You can use numbered list to prevent this data-sparsity overhead—you can represent only those intersections that you know will hold data and will be valid combinations. A numbered list lets you ensure that your module's line items realise the valid data combinations and only the valid combinations.
Using numbered lists to prevent sparsity works by representing in a hierarchical structure only the valid combinations—those that will carry a value—of what would have been intersections of multiple dimensions. This is one strategy to limit dimensions when adding modules and building out your model. Managing dimensionality to limit dimensions and preserving data-density is a key part of creating efficient models:
When deciding which modules you need in a model, try to design your data modules to respect a "natural dimensionality", in that they are used to express the intrinsic relationships between data-sets. For example cost-center data and employee data.
If you find you are having to use more than 5 dimensions in a module, it is worth reviewing the purpose of the module and asking if your really need two separate modules instead.
Design modules to serve a general role within an overall model structure and to serve data management:
Source modules, by carrying relatively few dimensions, can be kept data-dense and avoid sparsity.
Results modules can calculate specific outcomes tailored to specific purposes and based on data gathered from source modules.
Data management across a model's lifecycle can all be done at the level of the baseline data-source modules and data updates to baseline data are immediately propagated through to results modules.

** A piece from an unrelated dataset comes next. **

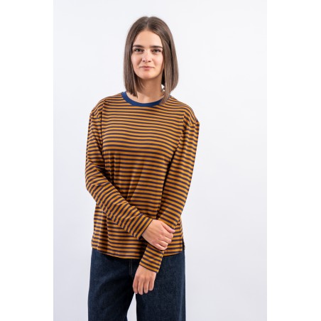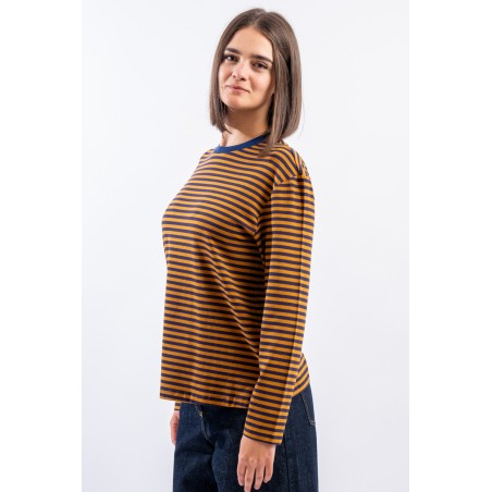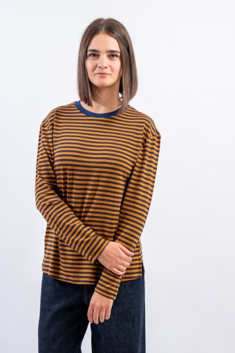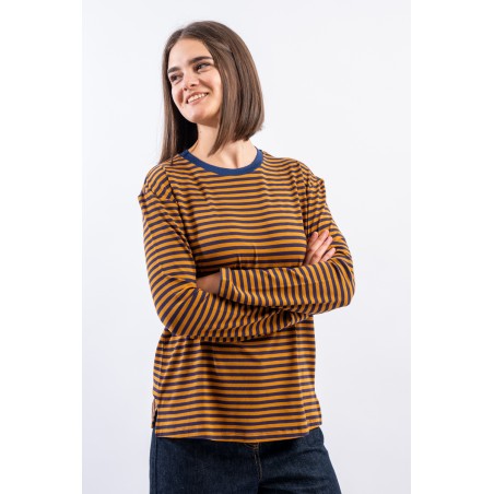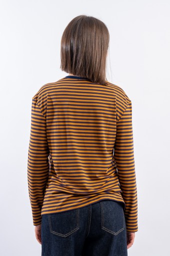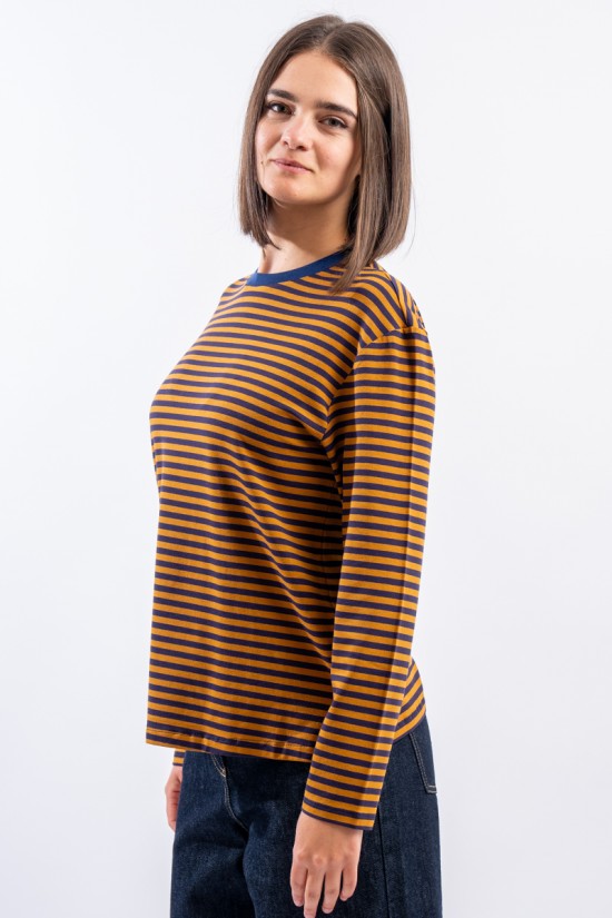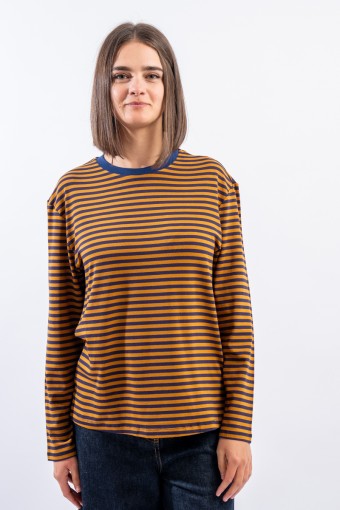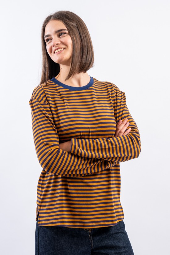 T-shirt girocollo a manica lunga dalla vestibilità regolare. Realizzata in viscosa stretch, risulta pratica e versatile per completare qualsiasi outfit. Presenta motivo a righe orizzontali bicolore e girocollo a contrasto.

The SUM aggregation function and the LOOKUP function are designed to facilitate this modeling approach, because you can use them to pull and aggregate data from data-dense source modules into results modules. See the SUM and LOOKUP pages for details of how to use these functions with examples. These functions can also be combined together—see SUM & LOOKUP for details and examples.
Ranking Modules by Size
You can check the relative footprint of modules in a model at Settings > Modules. Under Cell Count, you can read-off each module's size:
A good way to identify the modules that are having the most significant impact on model size is to export the module. Go to Settings > Modules and export to Excel. Once exported, you can sort from highest to lowest on cell count.